House and Home

It is hard to pinpoint the moment Kevin Titzer’s latest art project truly began. The Evansville native’s series of sculptural houses made of gathered recycled materials technically started in Guadalajara, Mexico.

The previous year, Titzer worked with a theater group, La Tortue Noir, in his current city of Alma in Quebec, Canada, in collaboration with another theater group, Luna Morena, in Guadalajara to build life-size puppets and props. Through that connection, Titzer was invited to travel down to Guadalajara for an art residency during a Day of the Dead festival. He didn’t have enough time to prepare a full body of work. Instead, Titzer had to improvise.

“I just decided to go down with nothing, which was unusual for me,” he says. “I decided, OK I’ll do a little experiment. I’ll go down there and collect materials from the street and see what happens. So that’s what I did, and it went really well.”

The outcome was a house-like structure made from recycled and repurposed materials found throughout Guadalajara. The success of the installation inspired a series of other similar projects — the first in Guadalajara, two in Quebec, and a soon-to-be fourth in Evansville.

With the next project planned for the University of Southern Indiana on Sept. 17, an argument could be made that the foundation for Titzer’s project truly began during his time as a student at USI.

It is where the Central High School and USI alum first started making his figures, which have continued to appear throughout his career and can be found hidden away throughout the series of houses created in Quebec and Guadalajara.

The figures today are sculptural, though they began more puppet-like during Titzer’s time as a student. This irony is not lost on Titzer — it was the theater puppets and props that led him to the first house in Guadalajara.

“It’s kind of coming full circle,” he says. “Because that’s where I started making the figures in university there.”

After his residency at USI, another project will be installed in Alma during the winter. Next year, the series will take him to Norway, and he hopes to have several more lined out by next year.

How did you start making the figures that have appeared throughout your career?
I can’t seem to get away from my figures. I started making figures honestly out of pure laziness — a lazy student. I had a wood class and a ceramics class, and I had two finals. I thought, “Can I do a project I can submit to both?” So I started making heads out of clay and bodies out of wood, and I killed two birds with one stone and got two grades for one project. I was like, “This is pretty cool. Maybe I’ll explore this a little more.” And I’m still doing them, but they’ve changed quite a bit over the years.

How have they changed?
I hope they have gotten better. When I first started doing them, they were more puppet-like. They have just kind of evolved over the years, where my wood carving skills got better and I started incorporating different materials.

How was the first project received in Guadalajara?
The community reacted in a whole different way because it was materials from their community they recognized, so they had a bigger connection with it. I thought there’s something here.
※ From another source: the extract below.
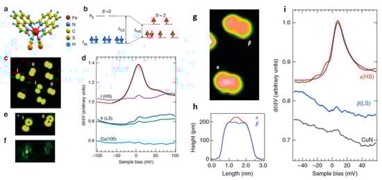 A study done by Miyamachi et al. revealed that surface interactions can be affected by having an interfacial layer. A film of [Fe(phen)2)(NCS)2] deposited on a thin interfacial layer of CuN on a Cu(100) surface significantly decreases the interaction between surface and molecule and allows the [Fe(phen)2)(NCS)2] to switch from HS to LS and vice versa due to a reduction of the adsorption energy [71]. By using STM, the stimulus was focused on the area of current flow which demonstrates electronic switching of the spin state. While Fe-phen molecules sublimated onto a Cu(100) surface showed mixed HS and LS states due to the strong coupling of the NCS group to the substrate, it prevented electronic switching of the spin state. However, a thin CuN layer deposited on Cu(100) allowed switching between the HS and the LS state. A monoatomic CuN layer dramatically reduces the adsorption energy and ensues hybridization, reducing the chemical interaction between molecule and substrate and weakening the bond of sulfur to the oxidized Cu atoms in the CuN network. As with Cu(100), STM images (Figure 14), revealed that [Fe(phen)2)(NCS)2] adsorbs with the NCS groups onto the CuN surface, and two types of molecular conformations (α and β) were observed. Due to the electronic decoupling of the molecules, the difference in the molecular shape seen by STM was dramatically smaller when compared with that on bare Cu. Figure 14h shows two slightly different height profiles in the center region, with type α higher than that of type β. Figure 14i represents the dI/dV spectra near the Fermi energy on the center of both types demonstrating a clear Kondo resonance only on type α and also a weak spectroscopic property on type β. Except for CuN, similar studies show sublimated SCO complexes on the family surface group like Cu2N preserve their functionality [114].

If I go to different places and different communities and different countries, I’ll never know what I find. Different communities throw away different things and value different things, so it will be a different project every time. And it will be a different design, because I’ll never know what I’ll find.

Will the project at USI be a permanent installation?
None of these are permanent. That’s another big aspect of the project — that it’s temporary. I use recycled materials from the community, and honestly I think it’s from that short experience with the theater. I kind of liked the idea of things being more ephemeral.

Until now, I was making sculpture. Everything has to be crafted very well thinking of the future and how people are going to own this and being very much wrapped up in pride of craftsmanship, which is great. But it also is, after so many years of doing that, refreshing to do something that is designed not to last. I think of it more in a theater context. It is there for a short time and whoever experiences it has it in their minds, then it goes away forever.

With Evansville being your hometown, do you have a preconceived notion of what the project at USI will look like?
Yes and no. The design I have no idea; the design depends on the materials. It’s been a while since I’ve been back, but I kind of have a better idea of where to find stuff. That will make the experience a little bit different, too. That’s kind of the exciting part about when I’m able to go to different cities, because really there are so many unknown variables.

SEPT. 19: Public presentation with Kevin Titzer, Kleymeyer Hall, USI campus, 8600 University Blvd.
SEPT. 25: Artist Roundtable, Willard Library, 21 N. First Ave.
SEPT. 30: Exhibition Opening, Pace Galleries, USI campus.